If you prefer to define views directly in migration scripts, you can use the op.create_view operation.

python
# In your Alembic migration script (e.g., versions/xxxxx_create_my_view.py)
from alembic import op
from starrocks.alembic import ops

def upgrade():
    op.create_view(
        "basic_view",
        "SELECT id, name, salary FROM employees WHERE department = 'Sales'",
        schema="my_schema"
    )

def downgrade():
    op.drop_view("basic_view", schema="my_schema")

When you run alembic upgrade head, Alembic will execute this script to create the view.

Note

No matter whether using --autogenerate to create the upgrade/downgrade script automatically or manually creating the script, you should use alembic upgrade head --sql to see the raw SQL and check it carefully.

Important Considerations

information_schema.views and SECURITY TYPE

Please be aware of the following limitation when working with information_schema.views:

Currently, information_schema.views does not return information for views that have their SECURITY type set to INVOKER. So, we extract the SECURITY info from MV definition now.

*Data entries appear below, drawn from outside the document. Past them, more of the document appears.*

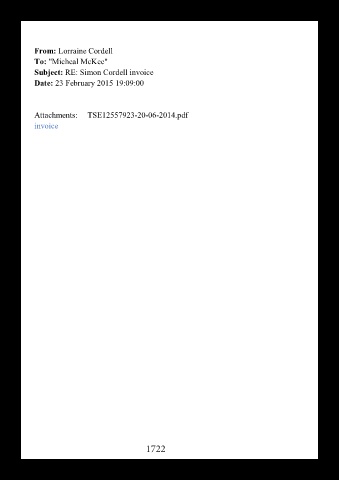 From: Lorraine Cordell To: "Micheal McKee" Subject: RE: Simon Cordell invoice Date: 23 February 2015 19:09:00 Attachments: TSE12557923-20-06-2014.pdf invoice 1722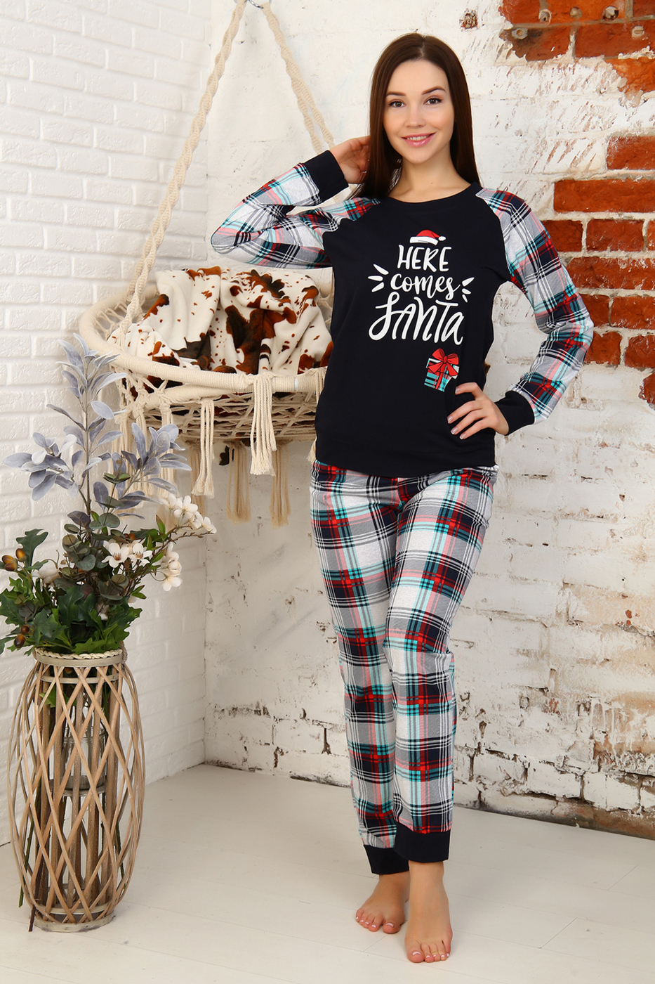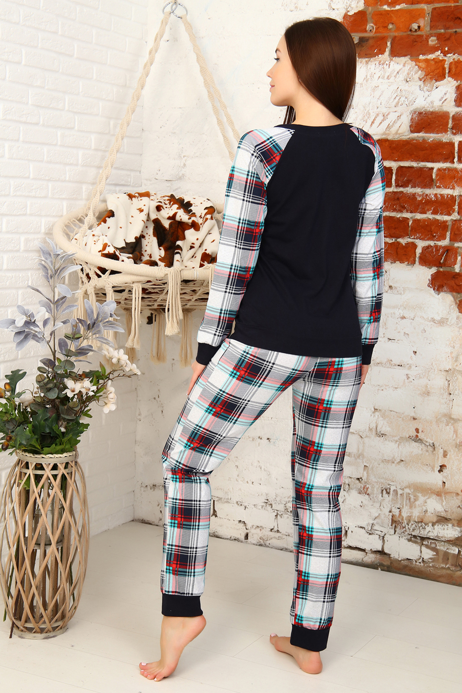 Ткань кулирка Состав 100% хлопок Описание Костюм женский из кулирного полотна состоит из кофты и брюк. Кофта прямая, рукав реглан из ткани клетка, низ на манжете, горловина круглая, обработана обтачкой, низ изделия с поясом, на полочке принт. Брюки прямые из ткани клетка, верх на поясе с резинкой, низ на манжете, в боковых швах внутренние карманы.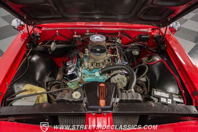 Lifting the hood reveals a potent 455 cubic inch V8 engine, a later addition that significantly boosts this Grand Prix\'s performance. This powerplant breathes through dual 4-barrel Carter carburetors mounted on an Offenhauser intake manifold, promising impressive output. The engine is mated to a robust 4-speed manual transmission, allowing for full control over the V8\'s power delivery. The dual exhaust system with Xlerator mufflers provides a fitting soundtrack for this classic cruiser. Power steering and power drum brakes ensure confident handling and stopping power.
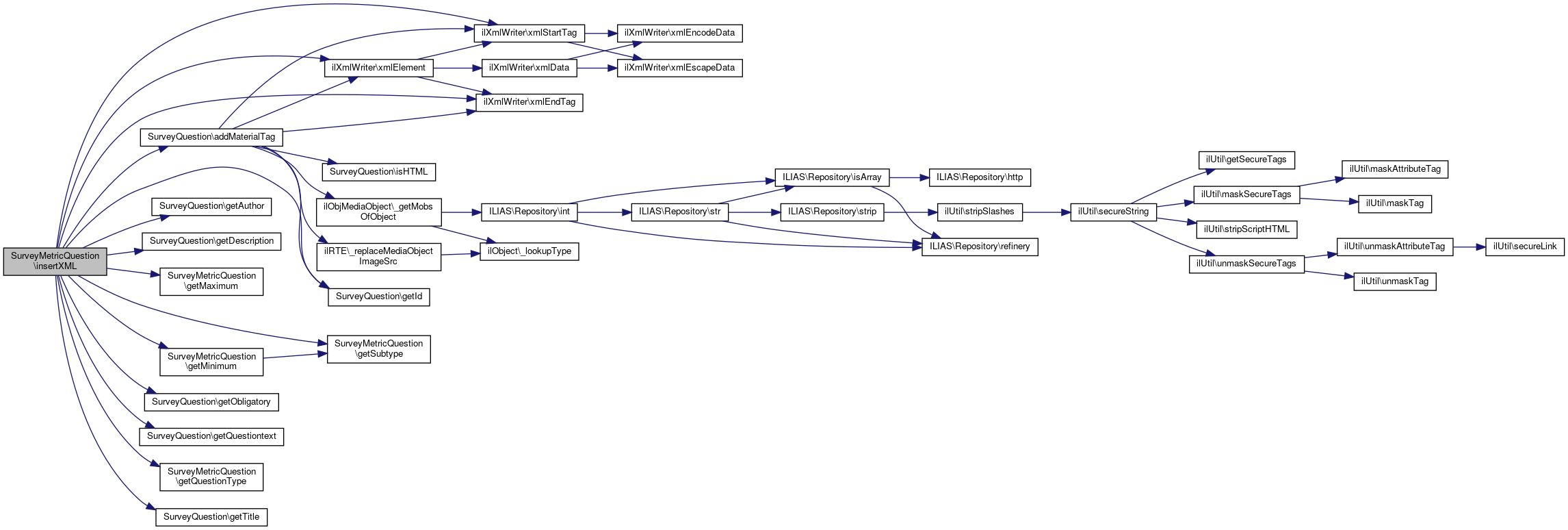 Here is the call graph for this function:| SurveyMetricQuestion::insertXML | ( | ilXmlWriter | $a_xml_writer, |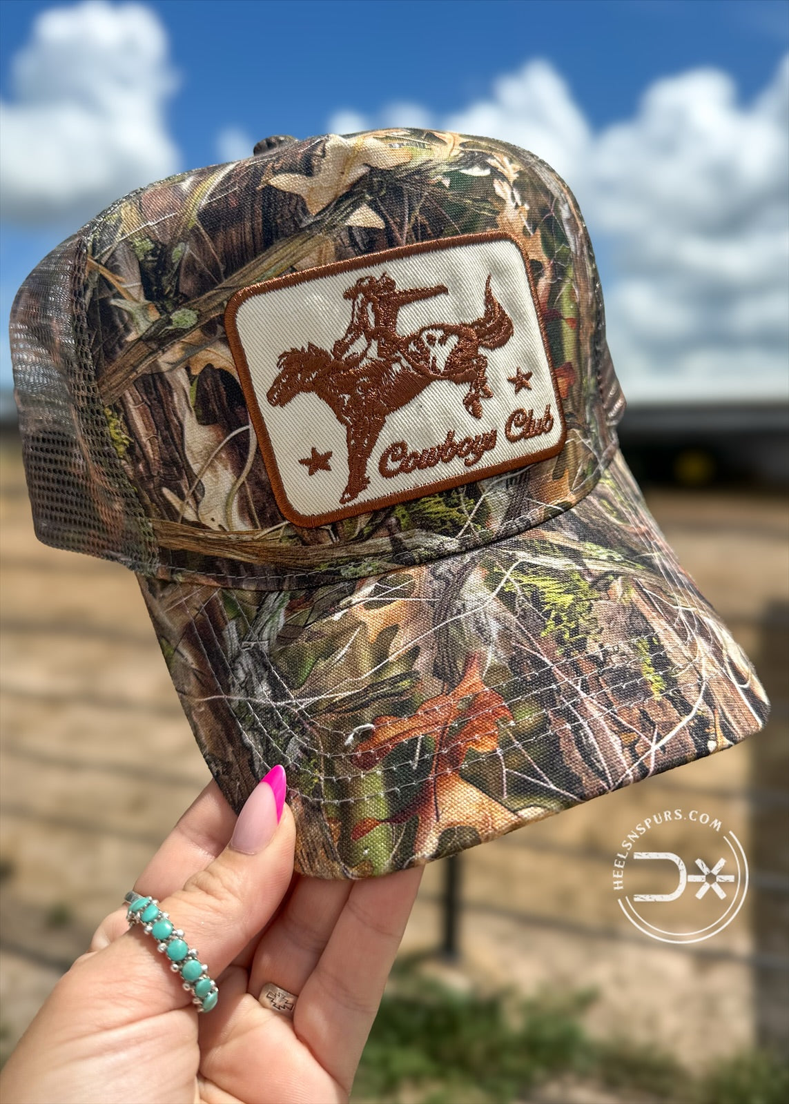 Ride wild and blend in, cowgirl. The Cowboy Club Camo Hat brings western grit to the great outdoors with a buckin’ bronc patch, camo print, and breathable mesh back. Whether you're ropin’ calves or hittin’ the road, this one’s got your crown covered in cowboy style.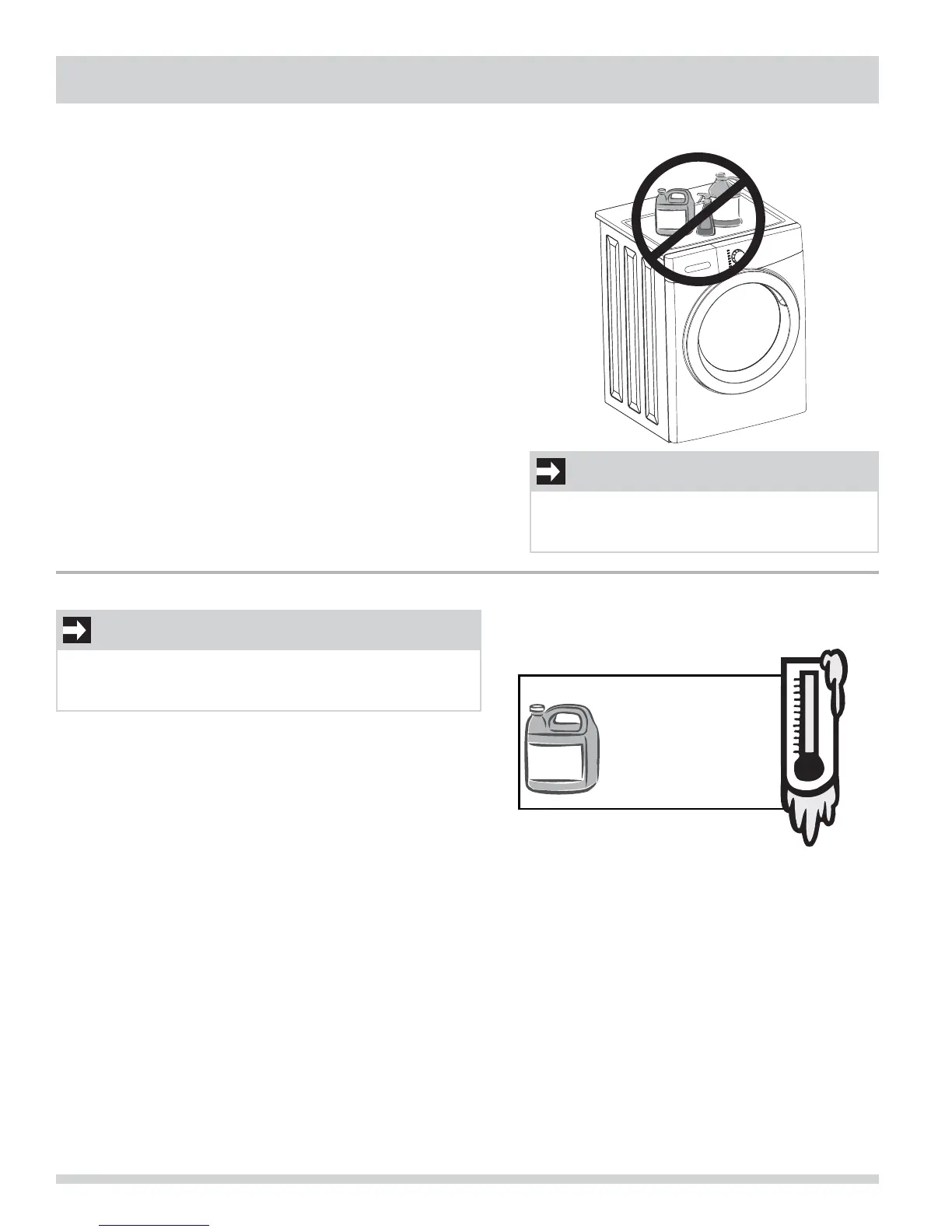 Do not store or place laundry products on top of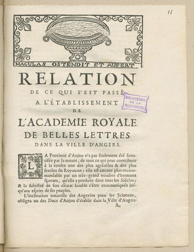 Le 4 juillet 1686, l’évêque d’Angers, Mgr Arnauld, est élu directeur de la nouvelle académie.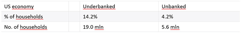 Dit is ook het geval in de VS, zoals blijkt uit een onderzoek van de Federal Deposit Insurance Corporation (FDIC) uit 2023 om in kaart te brengen wie geen bankrekening heeft (banklozen) of wel een rekening heeft maar gebruikmaakt van alternatieve financiële diensten (beperkte toegang tot bankdiensten). De resultaten zijn weergegeven in onderstaande tabel.
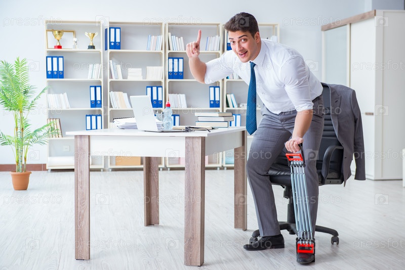 Молодой бизнесмен тренируется с эластичным экспандером в офисе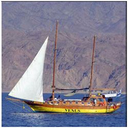 ונוס - 17 מטר של שלווה ושנטי עם השירות המקצועי של אבי ודורון, היאכטה מפליגה מדי יום מהמרינה באילת לשייט חלומי מול הרי אדום ומגיעה לגבול ישראל - ירדן, גבול מצרים - טאבה ועד אי האלמוגים | הפלגה לאי האלמוגים | אדות יאכטה ונוס | שייט רומנטי באילת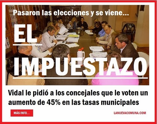 IMPUESTAZO: VIDAL QUIERE UN AUMENTO DEL 45% EN LAS TASAS PARA 2014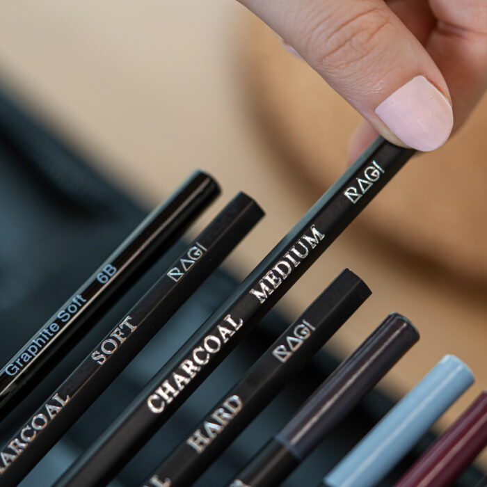 ➡️ Ołówki węglowe – Prasowany węgiel umieszczony w drewnianym trzonku, który zabezpiecza przed kruszeniem lub złamaniem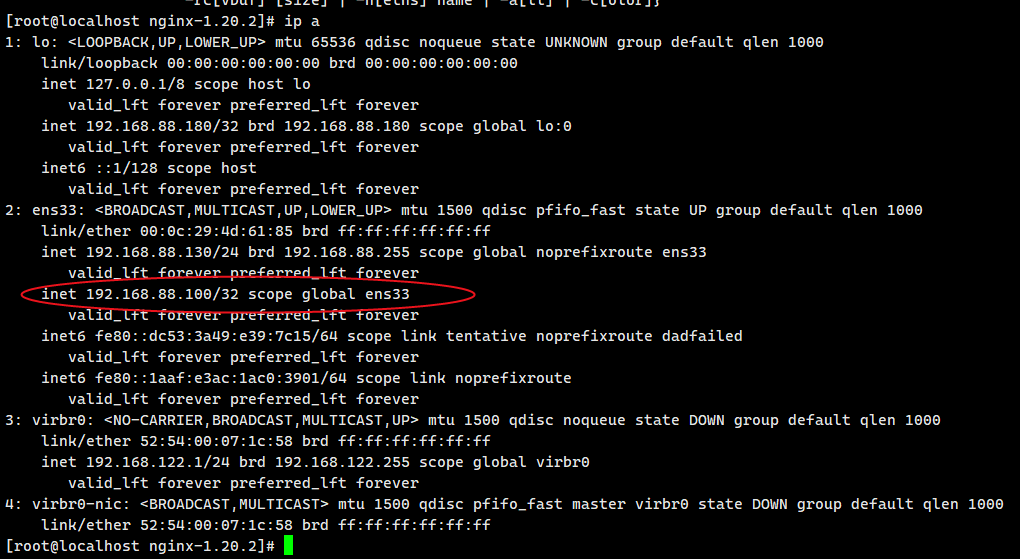 查看虚拟 IP 绑定情况: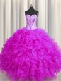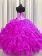 Fashion Visible Boning Beaded Bodice Fuchsia Lace Up Sweetheart Beading and Ruffles Quince Ball Gowns Organza Sleeveless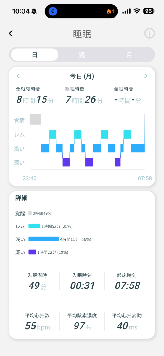 計測されるのは、睡眠時間だけでなく、レム・浅い・深い睡眠の内訳や入眠までにかかった時間、就寝中の心拍数など。アプリ上ではグラフで確認できるため、「この日は途中で目が覚めていた」「深い睡眠が短かった」といったことを後から振り返れます。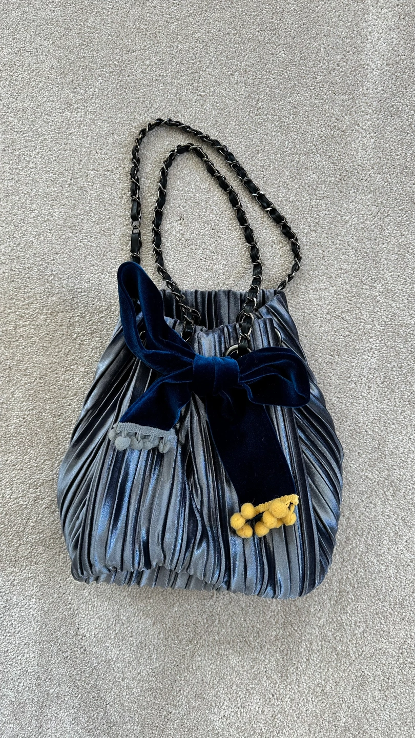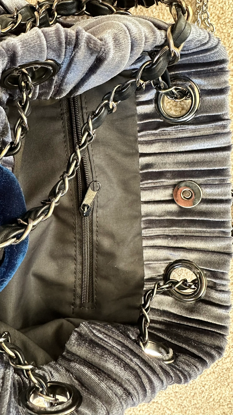 medium, corduroy, ribbed, embellished, brand logo, solid color, lace-up, fully lined, internal pockets and pleated blue velvet handbag with a chain strap and a large blue velvet bow. The bag has a zipper closure and a magnetic snap closure. The interior of the bag has a small pocket.

Modifying the SECURITY TYPE

The ALTER VIEW statement in StarRocks does not support changing the SECURITY type of an existing view. If you need to change the security type, you must drop and recreate the view with the desired SECURITY type.

ALTER Support and Limitations

  • Only the following attribute can be altered for a View:
    • definition (the SELECT statement). Column aliases change is allowed only together with definition.
  • The following attributes are not supported to be altered by StarRocks:
    • comment
    • security
    • columns-only change (without definition change)

Autogenerate will warn or raise for immutable changes instead of producing ALTER statements. Decide explicitly (usually DROP + CREATE) for those cases.